* [Task statement]
For the data that follows, print the line with "Starts Mar 9", the line with "Earrings, Bloom line, flower", and all lines between them, exactly as they stand. Omit pictures and add nothing.

* [Records provided]
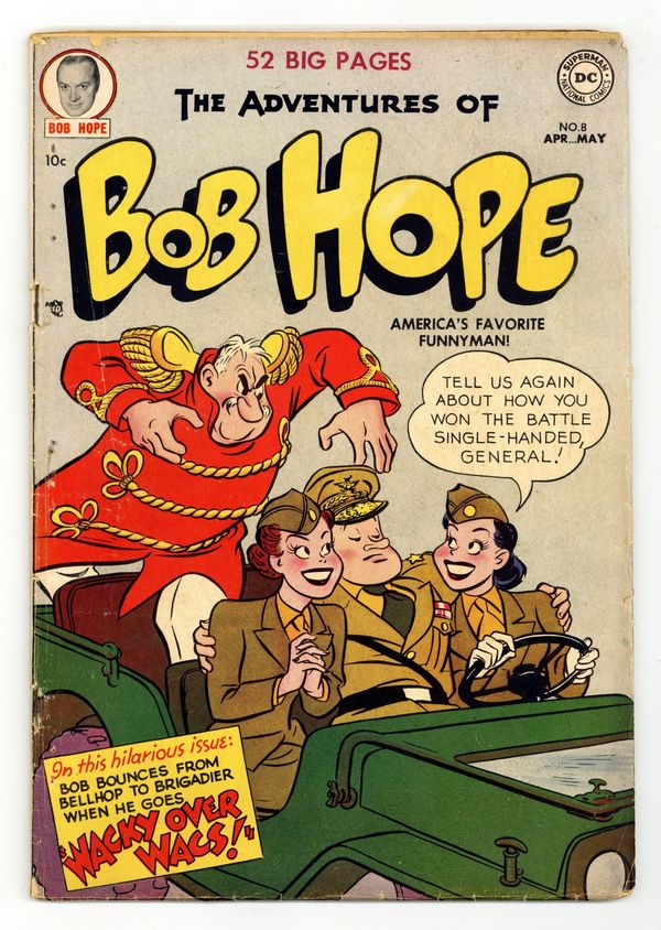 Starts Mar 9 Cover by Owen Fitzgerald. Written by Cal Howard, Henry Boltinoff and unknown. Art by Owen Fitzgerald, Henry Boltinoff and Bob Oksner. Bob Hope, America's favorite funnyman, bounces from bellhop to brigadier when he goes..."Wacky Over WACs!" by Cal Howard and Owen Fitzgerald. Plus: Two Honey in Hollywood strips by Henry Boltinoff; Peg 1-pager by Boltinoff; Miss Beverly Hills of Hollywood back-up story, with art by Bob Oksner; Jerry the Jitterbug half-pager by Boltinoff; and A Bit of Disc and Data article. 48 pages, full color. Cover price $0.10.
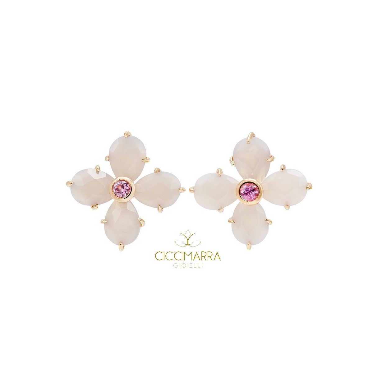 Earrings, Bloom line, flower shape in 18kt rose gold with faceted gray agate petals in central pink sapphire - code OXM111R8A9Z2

==

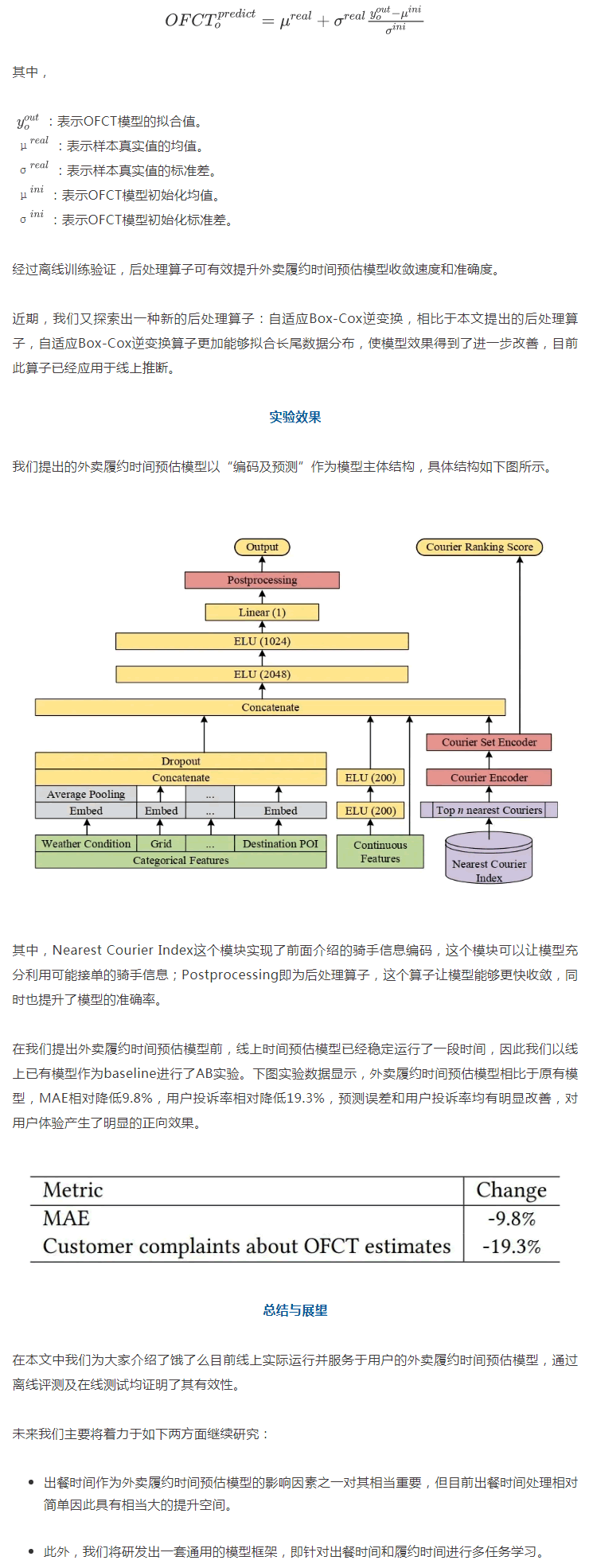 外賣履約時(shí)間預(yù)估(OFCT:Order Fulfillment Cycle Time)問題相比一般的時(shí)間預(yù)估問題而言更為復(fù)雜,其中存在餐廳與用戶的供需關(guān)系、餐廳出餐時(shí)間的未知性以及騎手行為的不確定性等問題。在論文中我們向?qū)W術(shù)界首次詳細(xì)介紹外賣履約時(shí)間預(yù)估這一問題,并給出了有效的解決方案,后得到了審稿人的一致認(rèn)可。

* [Solution to this problem]
 Starts Mar 9 Cover by Owen Fitzgerald. Written by Cal Howard, Henry Boltinoff and unknown. Art by Owen Fitzgerald, Henry Boltinoff and Bob Oksner. Bob Hope, America's favorite funnyman, bounces from bellhop to brigadier when he goes..."Wacky Over WACs!" by Cal Howard and Owen Fitzgerald. Plus: Two Honey in Hollywood strips by Henry Boltinoff; Peg 1-pager by Boltinoff; Miss Beverly Hills of Hollywood back-up story, with art by Bob Oksner; Jerry the Jitterbug half-pager by Boltinoff; and A Bit of Disc and Data article. 48 pages, full color. Cover price $0.10.
 Earrings, Bloom line, flower shape in 18kt rose gold with faceted gray agate petals in central pink sapphire - code OXM111R8A9Z2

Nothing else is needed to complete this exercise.